REQUIREMENT:
Transcribe, word for word and without additions, each line below from the one containing "Area 3: Note" through the one containing "会议室隆重举行合作签约仪式。", both ends included.

RECORDS SUPPLIED:
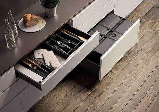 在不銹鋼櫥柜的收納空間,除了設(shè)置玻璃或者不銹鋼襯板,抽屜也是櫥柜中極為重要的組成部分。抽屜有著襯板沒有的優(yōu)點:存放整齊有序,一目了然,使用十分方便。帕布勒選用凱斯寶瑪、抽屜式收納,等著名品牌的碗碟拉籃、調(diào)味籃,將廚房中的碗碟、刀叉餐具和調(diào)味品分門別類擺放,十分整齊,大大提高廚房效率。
--
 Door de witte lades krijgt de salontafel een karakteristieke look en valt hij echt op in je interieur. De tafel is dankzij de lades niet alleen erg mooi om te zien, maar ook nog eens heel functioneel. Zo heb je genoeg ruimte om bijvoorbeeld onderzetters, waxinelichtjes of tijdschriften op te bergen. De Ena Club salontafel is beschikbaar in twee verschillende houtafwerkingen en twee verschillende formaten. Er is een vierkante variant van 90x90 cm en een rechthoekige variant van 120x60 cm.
...
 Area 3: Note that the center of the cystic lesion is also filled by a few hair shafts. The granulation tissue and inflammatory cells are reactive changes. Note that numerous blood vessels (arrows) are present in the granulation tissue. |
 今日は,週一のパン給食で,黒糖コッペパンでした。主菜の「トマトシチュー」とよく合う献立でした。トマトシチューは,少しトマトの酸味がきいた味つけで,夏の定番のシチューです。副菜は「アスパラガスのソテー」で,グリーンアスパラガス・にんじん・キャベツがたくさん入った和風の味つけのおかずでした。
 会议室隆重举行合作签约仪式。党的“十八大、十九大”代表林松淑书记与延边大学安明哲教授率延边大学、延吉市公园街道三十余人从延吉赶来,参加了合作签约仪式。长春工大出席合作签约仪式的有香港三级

RESPONSE BOX:
 Area 3: Note that the center of the cystic lesion is also filled by a few hair shafts. The granulation tissue and inflammatory cells are reactive changes. Note that numerous blood vessels (arrows) are present in the granulation tissue. |
 今日は,週一のパン給食で,黒糖コッペパンでした。主菜の「トマトシチュー」とよく合う献立でした。トマトシチューは,少しトマトの酸味がきいた味つけで,夏の定番のシチューです。副菜は「アスパラガスのソテー」で,グリーンアスパラガス・にんじん・キャベツがたくさん入った和風の味つけのおかずでした。
 会议室隆重举行合作签约仪式。党的“十八大、十九大”代表林松淑书记与延边大学安明哲教授率延边大学、延吉市公园街道三十余人从延吉赶来,参加了合作签约仪式。长春工大出席合作签约仪式的有香港三级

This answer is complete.